Source data:
##############################

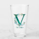 Aquamarine Farbe und Goldmonogramm Letter V Glas
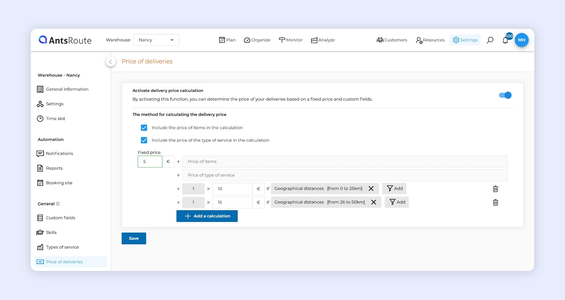 From your AntsRoute account, go to “Settings” > “Price of work orders”. From this page, enable the “Activate work order price calculation” function.
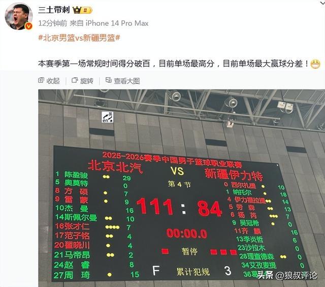 本场比赛,北京男篮轰111分创造新赛季改为40分钟之后的新高,而许利民坐拥豪华阵容,面对一支季后赛级别的球队能取得淋漓尽致的大胜,引发外界球迷和媒体的热议。
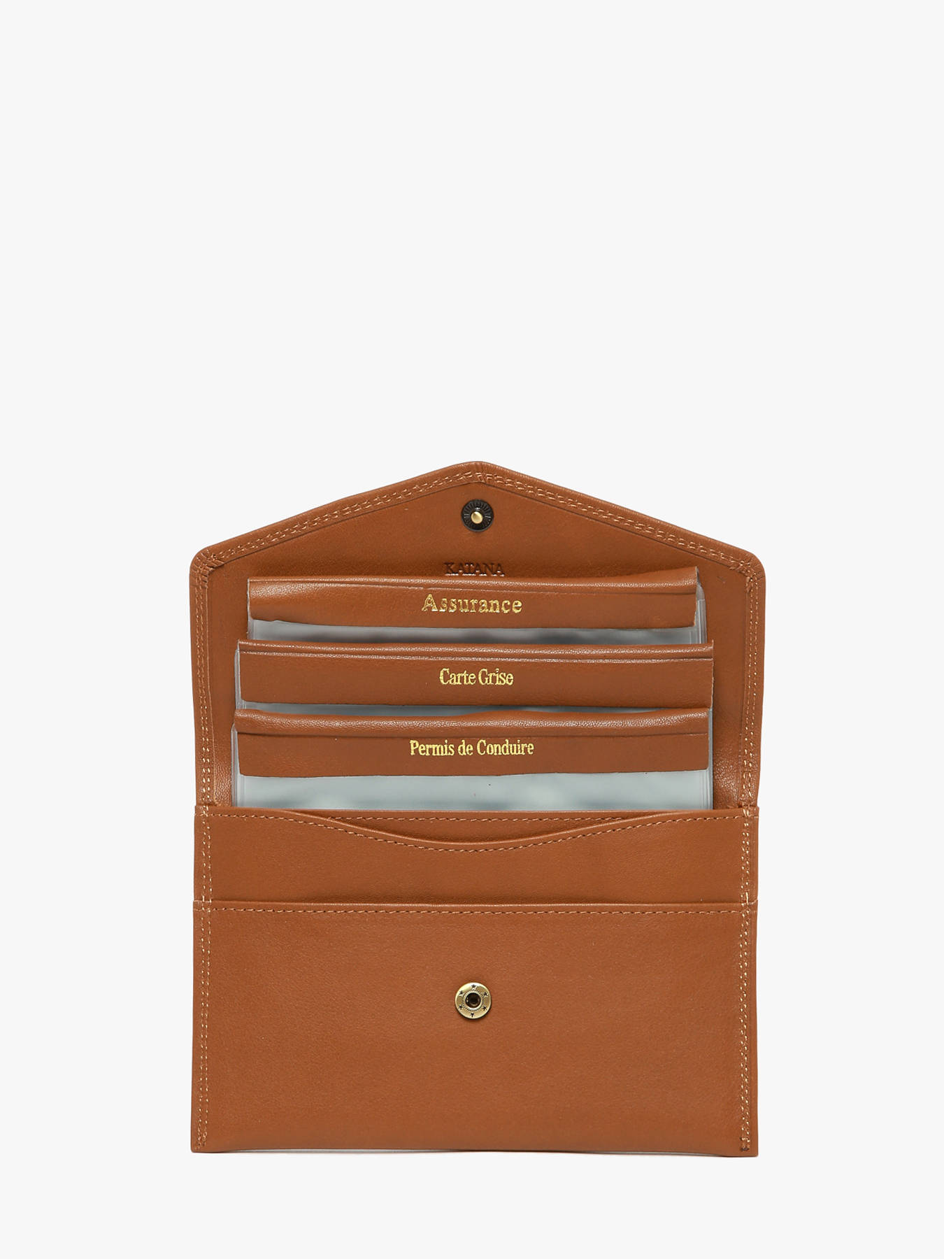 Handige lederen papierhouder van het merk Katana. Het model laat zich sluiten met flap en drukknop en is van verschillende plastiekjes voorzien. Ideaal voor het opbergen van belangrijke documenten. Verder zijn er ook nog 2 gewone opbergvakken.
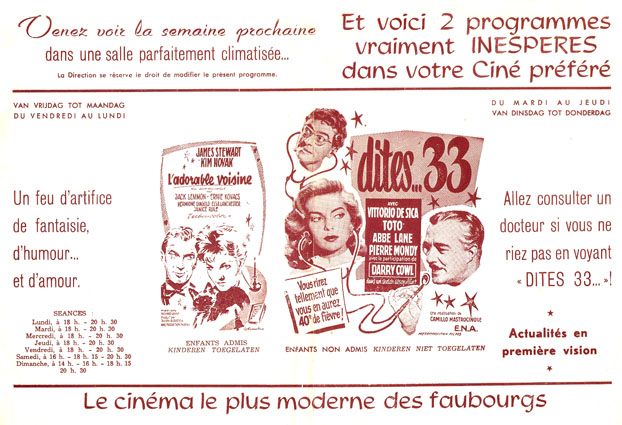 Á première vue, le prix des places nous reléguait d’emblée dans la catégorie sociale à laquelle nous appartenions, mais pourtant celles à 5 francs me semblaient un « must », et je trouvais même ridicule que l’on puisse s’asseoir au fond de la salle, même si c’étaient les seuls sièges capitonnés de velours rouge.

##############################

* **Task requirements**: The records above are to be transcribed in full, with images omitted.

* **Exercise answer**:
 Aquamarine Farbe und Goldmonogramm Letter V Glas
 From your AntsRoute account, go to “Settings” > “Price of work orders”. From this page, enable the “Activate work order price calculation” function.
 本场比赛,北京男篮轰111分创造新赛季改为40分钟之后的新高,而许利民坐拥豪华阵容,面对一支季后赛级别的球队能取得淋漓尽致的大胜,引发外界球迷和媒体的热议。
 Handige lederen papierhouder van het merk Katana. Het model laat zich sluiten met flap en drukknop en is van verschillende plastiekjes voorzien. Ideaal voor het opbergen van belangrijke documenten. Verder zijn er ook nog 2 gewone opbergvakken.
 Á première vue, le prix des places nous reléguait d’emblée dans la catégorie sociale à laquelle nous appartenions, mais pourtant celles à 5 francs me semblaient un « must », et je trouvais même ridicule que l’on puisse s’asseoir au fond de la salle, même si c’étaient les seuls sièges capitonnés de velours rouge.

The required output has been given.